Cancer: The genomics of childhood cancers
Nature
March 1, 2018

Thousands of childhood cancers have been characterized in detail at the genomic and molecular level. The results, presented in two papers published online in Nature this week, shed light on the causes of childhood cancer, and could aid the development of new therapies.
Stefan Pfister and colleagues identified the various genetic changes that had occurred in 914 young people with 24 molecularly distinct types of cancer, including the most frequent and clinically relevant ones, with an emphasis on tumours of the central nervous system. Mutations in genes involved in the repair of double-stranded DNA breaks were found in all cancer types, and 7% of the patients carried a disease-causing mutation in a candidate cancer predisposition gene. Half of the tumours contained mutations that potentially make them amenable to targeted treatments that either exist already or are currently in development.
Jinghui Zhang and colleagues extended these findings further, focusing not only on DNA, but also on the messages transcribed from it. They analysed DNA changes and sequenced the genomes, exomes and transcriptomes of 1,699 paediatric leukaemia and solid tumours.

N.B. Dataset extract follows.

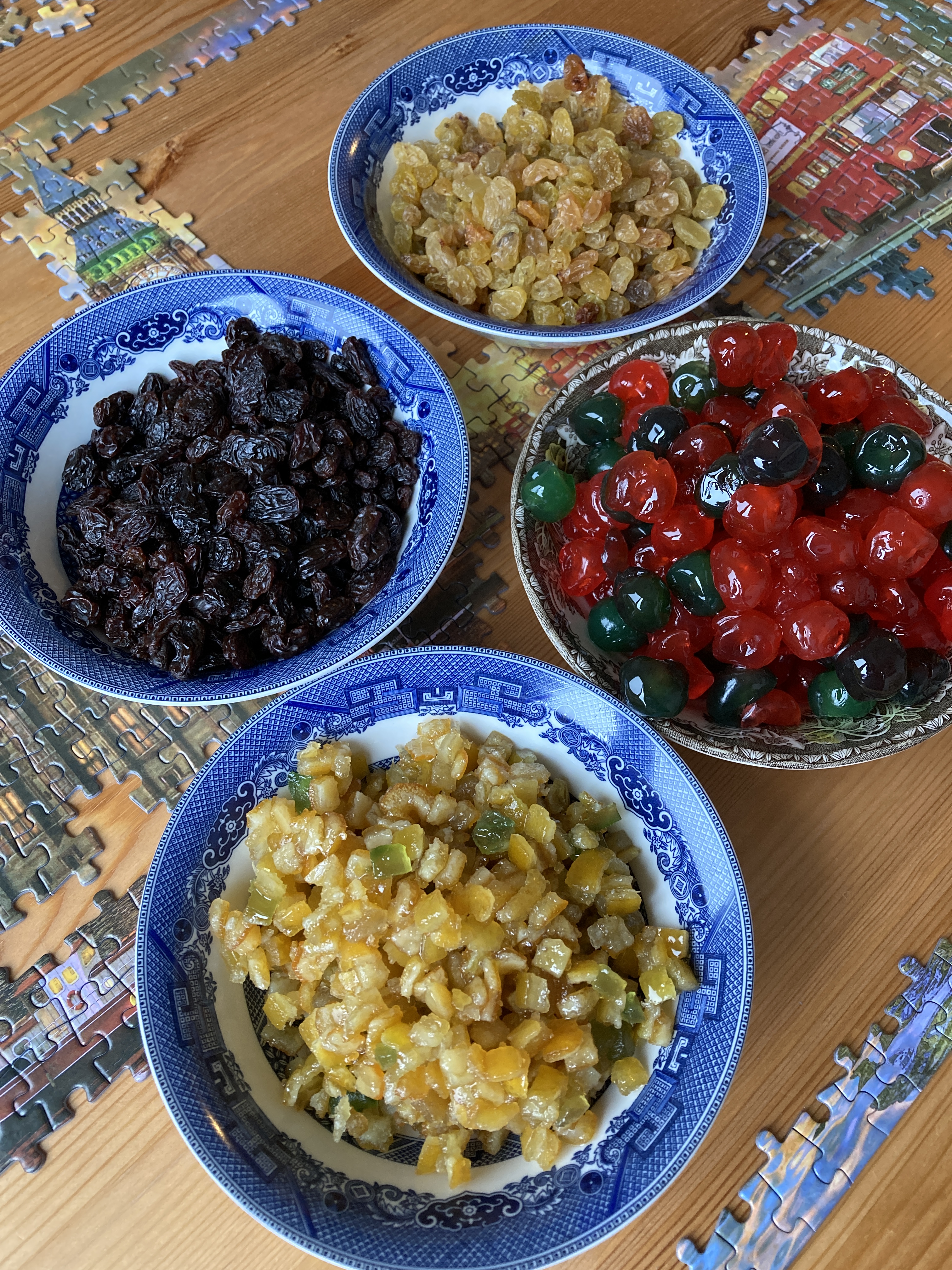 As for booze in the assorted peel, cherries and raisins…. not an option. You MUST put some in. I soaked mine overnight in one cup of brandy. When I drained the fruit, I captured the boozy juicy mix thinking it would be a treat. It came out so thick and syrupy in ended up down the drain and into the North Saskatchewan river. There may be a few happy fish or ducks down there in the river valley.

They identified 142 genes associated with cancer in these paediatric patients, of which only 45% matched those found in similar studies of adult cancers. The authors also found eleven mutational signatures - areas in the genome in which mutational processes have left a distinctive mark - including one attributed to ultraviolet-light exposure.
Together, the studies raise hope - druggable targets do exist - but they also reveal that childhood cancers show many differences to their adult counterparts, a fact that needs to be taken into account as new therapies are developed.